These are designed and built by Terry Gordon in Australia. A one-piece wooden construction, they are available in a variety of timbers, the current standard form being Gidgee. The review plane was Ironwood.

The following data comes from the HNT Gordon website:

SIZE: 175mm long x 54mm wide x 38mm high.
AVERAGE WEIGHT:0.8Kg
BLADE: 1 1/2 inches wide x 1/8 inch thick x 80mm long tool steel Rc 62-64.
ABUTMENT: Brass only.
MOUTH: Brass rub plate.
BLADE PITCH: 55 degrees for planing or 85 degrees for scraping.
PURPOSE: General purpose planing or trimming of any small pieces of timber, particularly hardwood end grain. Alternate use as a cabinet scraper for cranky grain. Easily used in one hand



In the hand

I was very impressed by this plane. My initial expectation was that it would be clunky. However it was very comfortable in the hand. The rear knob fitted snugly into the web of my hand, the plane balanced well, and it felt solid and secure.





Adjusting the blade

Adjustments are made with a mallet.





Terry supplies the following tutorial or his website:



Step 1

This photo shows a 'blade setting block' which is simply a small piece of hard wood 6" x 2" x 1" planed perfectly flat. Some tips:

  • For a fine blade setting ensure the wood is super hard.
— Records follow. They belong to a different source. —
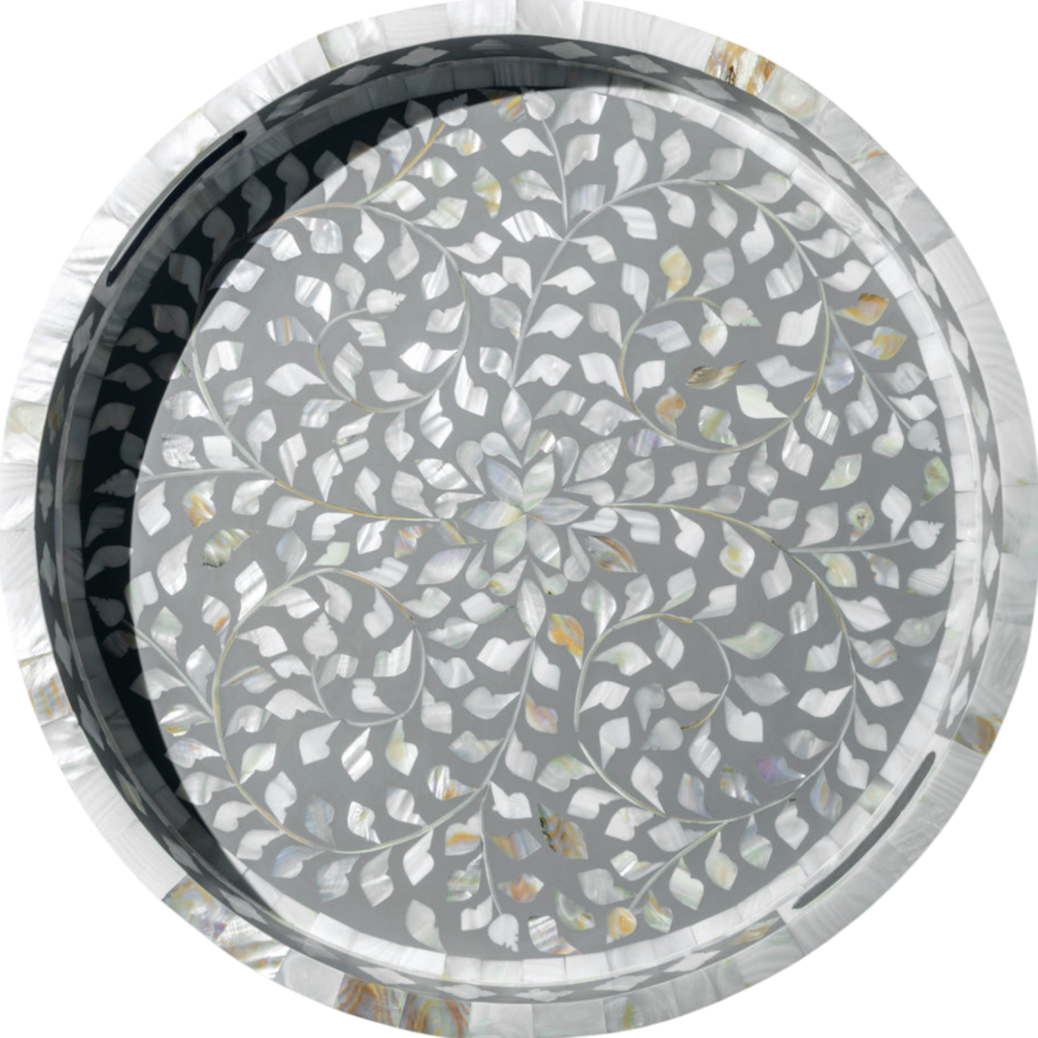 This Grey Floral Inlay Tray by RB ARTISAN is a sophisticated piece designed for both function and style. The subtle grey tone contrasts beautifully with the intricate white mother of pearl floral inlay, offering a luxurious look for any modern home or premium gifting set.
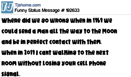 - # 193249 How come in 1969 we were able to send men all the way to the Moon and maintain perfect communication with them the whole time, while in 2019 I can't walk into the other room without losing a cell phone signal?
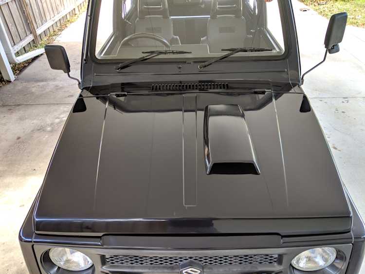 Being that it is a kei class vehicle from Japan it is equipped with a turbocharged 3cyl engine with a top mounted intercooler, hence the functional hoodscoop. While its displacement is only 660cc, the turbo charging gives it a sharp boost of power under acceleration you wouldn't expect compared to a typical Samurai.
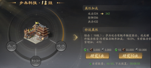 兵营科技主要提升兵种的攻击、防御和兵力这三个属性。升级兵营科技需要注意以下几点:
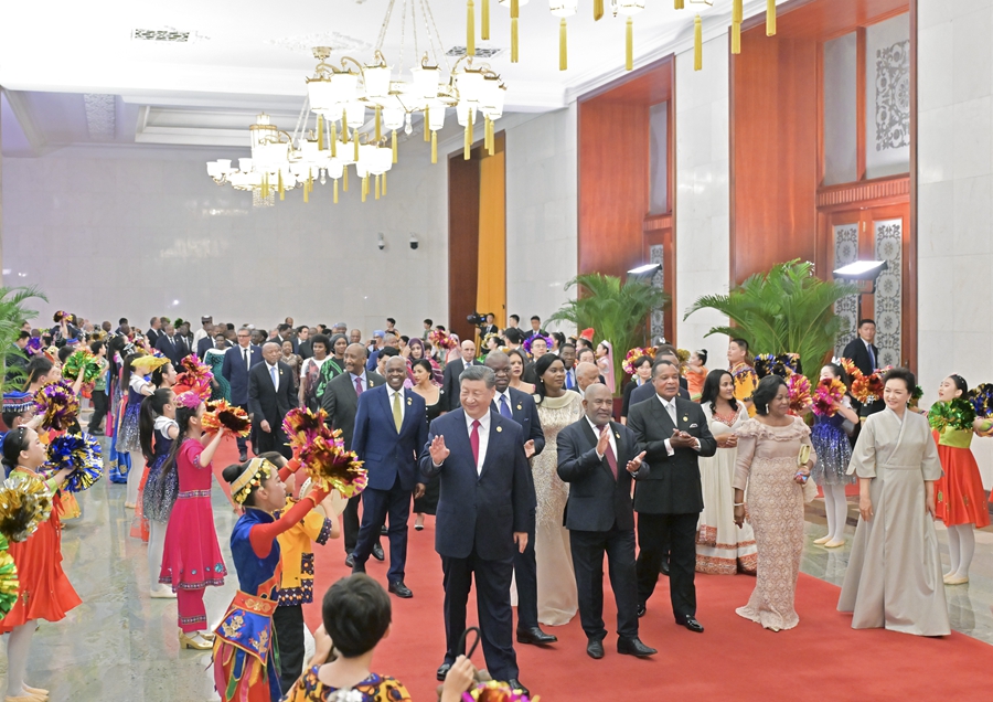 9月4日晚,國(guó)家主席習(xí)近平和夫人彭麗媛在北京人民大會(huì)堂舉行宴會(huì),歡迎來(lái)華出席中非合作論壇北京峰會(huì)的非方及國(guó)際貴賓。這是在前往宴會(huì)廳沿途,少年兒童對(duì)國(guó)際貴賓表示熱烈歡迎。
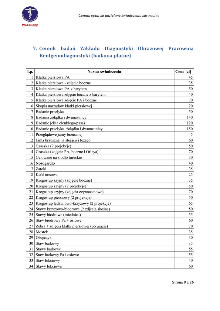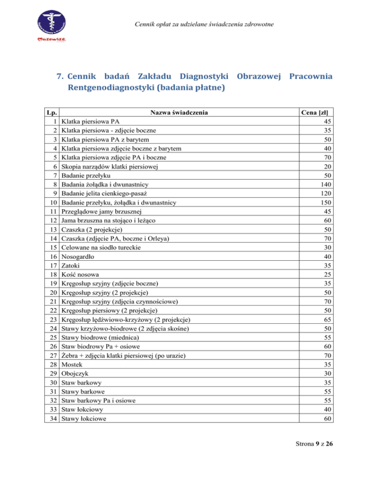 7. Cennik badań Zakładu Diagnostyki Obrazowej Pracownia
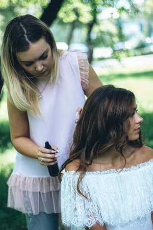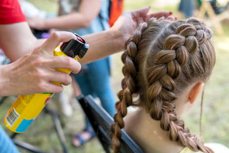 Stylist fixes curls with hairspray. high quality photo
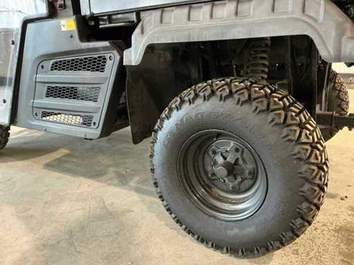 Equipaggiato con motore diesel 3 cilindri, 4x4, abitacolo chiuso, doppie porte, finestrini scorrevoli, finestrino anteriore pieghevole, illuminazione, specchietti, sedile del guidatore, panca doppio passeggero, cambio vario, tergicristalli, bilanciere, barra di traino anteriore e posteriore, vano bagaglio inclinabile da 140 x 95 cm.
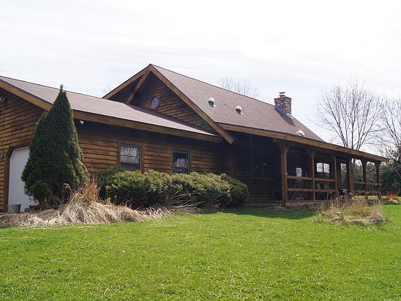 Great log styled home on a beautiful 5 acre parcel in the Kettle Moraine! Beautiful lot with a perfect mix of wooded and open space. Relax on the covered front porch or the huge private back yard deck. Interior boasts huge cathedral ceiling great room with floor-to-ceiling stone fireplace. Nice size kitchen and dining area. Stairs leads to master bedroom suite with private bath and large Walk-In Closet. Finished walkout lower level with egress windows. Walk In Attic!! Newer roof. Horses allowed!
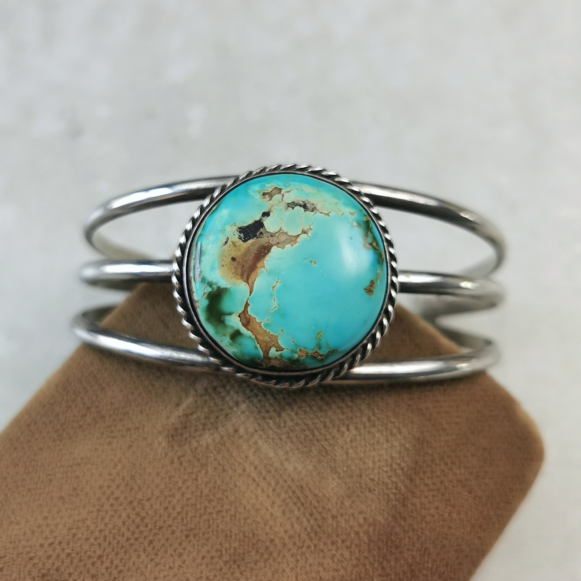 Vintage cuff bracelet constructed out of solid sterling silver and turquoise. A 2.5cm diameter round genuine turquoise cabochon is bezel set with a twisted wire border. Turquoise is a beautiful robins egg blue hue, with veins of brown matrix in it. The adjustable cuff style bracelet is made of three fanned out 3mm wide bands.

  • Check the block is perfectly flat over its length and across its width.

Step 2

Sit the plane on the setting block as shown. Place the blade in position and using your index finger ensure the blade is sitting against the bed and hold the plane body
to stop it from moving.

Step 3

Place the wedge loosely into position and with a small hammer tap the wedge firmly into position using a series of taps until the wedge takes up. Some tips:

  • Hit the wedge in the middle

  • A series of small taps is better than one big tap

  • Don't move the plane when setting the wedge

  • Check the blade is secure before use

  • If blade is loose you need to hit the wedge harder

  • If the blade sets to deep, your setting block needs to be a harder piece of wood

  • If your blade sets out of level either your setting block is not flat or you are hitting the wedge more on one side than the other.


Please note: This is the initial setting of the blade only, and you are not restricted to this method alone. This method will get you going and ensure you are not frustrated as you learn how to use your classic wooden plane. But to get the best out of your plane you do need to learn how to make tiny changes to the depth of cut by tapping the body or blade with a small hammer, which is fully explained in the instructions that come with the plane. 
      



Performance

With its high bed, this plane is best suited to planing face- and edge grain. In many ways it would make a wonderful small smoother. It is ideal for trimming bevels or creating a quick chamfer on edges.

Fine shavings on a Pine edge



One-handed beveling



Planing hard, interlinked Jarrah



Planing Pine end grain is a challenge for any block plane

End grain planing is not this plane's forte, but it does a satisfactory job as long as the blade is sharp.

Impressions

This is a great block plane for the workshop or general trim work. If the majority of use you seek in a block plane focuses on face- and edge grain rather than end grain, then this could be the plane for you. It can handle difficult grain exceptionally well. It can substitute as a small smoother.

It is one of the easier blades to hone as it is thick and sets bevel down. This makes it easy to freehand, if you prefer. Further, the cutting angle is not dependent on the bevel angle.

Setting the blade is considerably easier than one might imagine. Do not let this area intimidate you. If you have not used a woodie before, then the learning period should not take longer than a couple of minutes. Adjustments are easier with practice and become second nature within a short while.